Gondwe acknowledged that ‘cashgate’ has crippled government operations as allocations to government ministries and departments were substantially reduced.
“Mr. Speaker, Sir, performance of the Malawi economy in 2013 has been mixed and subdued by the ‘cashgate’,” Gondwe told parliament. “In the wake of the scandal I have just referred to, donors decided to withhold budget support. In consequence the ability of government to function was crippled and unbudgeted domestic borrowing was incurred.”
The former World Bank official said over and above that the large domestic borrowing led to the accumulation of unpaid bills.
“As a consequence of these events, and the loss of funds from the scandal, the government drastically reduced budget allocations to ministries and a number of them became dysfunctional,” he said.
Donors, who contribute up to 40 percent of Malawi’s budget, have since warned government that they will not resume aid until it restores confidence in its payment system, the Integrated Financial Management Information System (IFMIS.)

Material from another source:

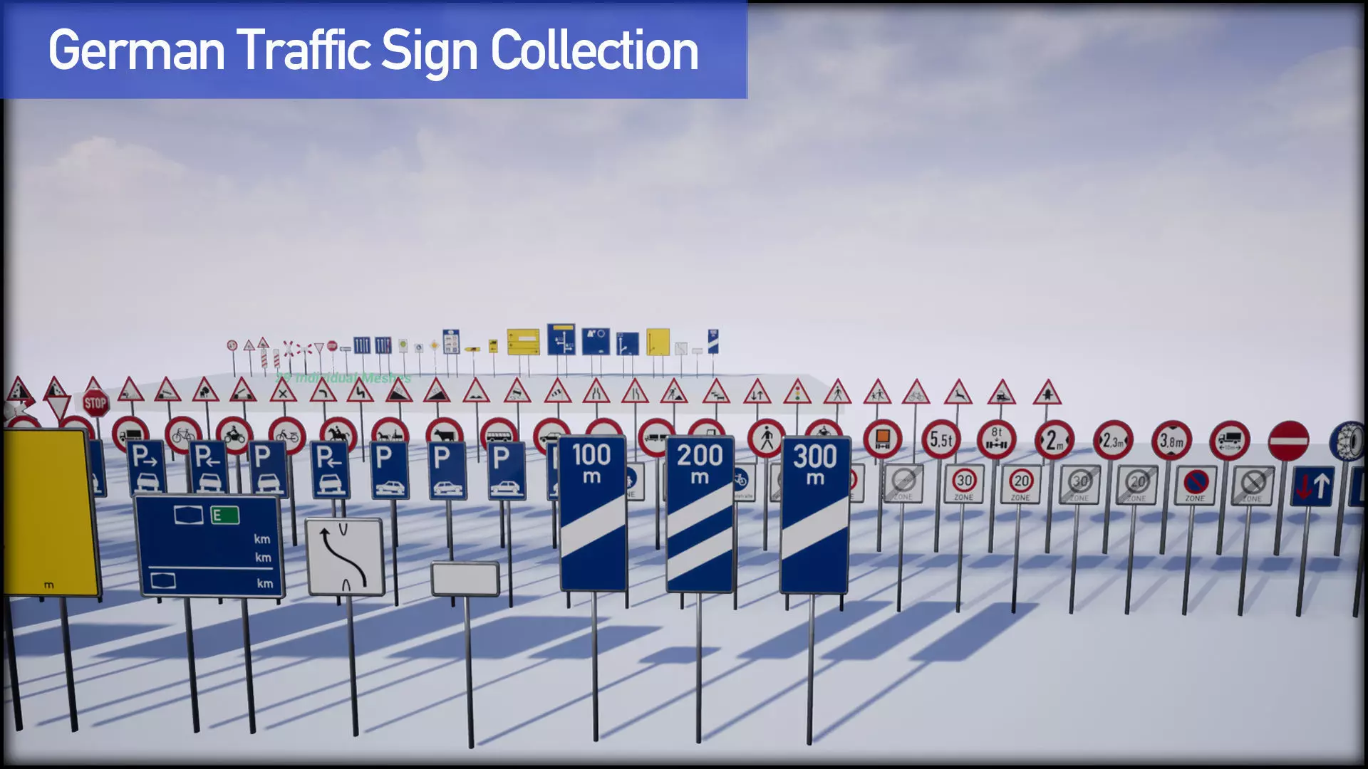 25 different types of meshes (traffic, warning, street signs)Over 250 Textures (skins)A Blueprint system that allows you to modify numbers, city names, motorway names, etc.Texture resolutions are rather even throughout the pack (square objects being 1k in resolution, rectangular signs up to 2k), and polygon levels are fairly low.

Perhaps in a direct answer to this, Gondwe said government will prioritise institutions which are directly dealing with ‘cashgate’.
“The first is the desire that, as a country, we should get at the bottom of what really happened as regards the ‘cashgate’ scam,” he said, adding:
“Therefore, law-enforcement votes have been granted a more than usual expenditure increase that averages at more than 80 percent. In fact, the Anti-Corruption Bureau vote has a 167 percent increment which is the highest of all votes. The Director of Public Prosecutions, the Judiciary, the Police and others have also had large increments for the same reason.”
The 193-member opposition-dominated Parliament will deliberate on the budget for five weeks before adopting or rejecting it.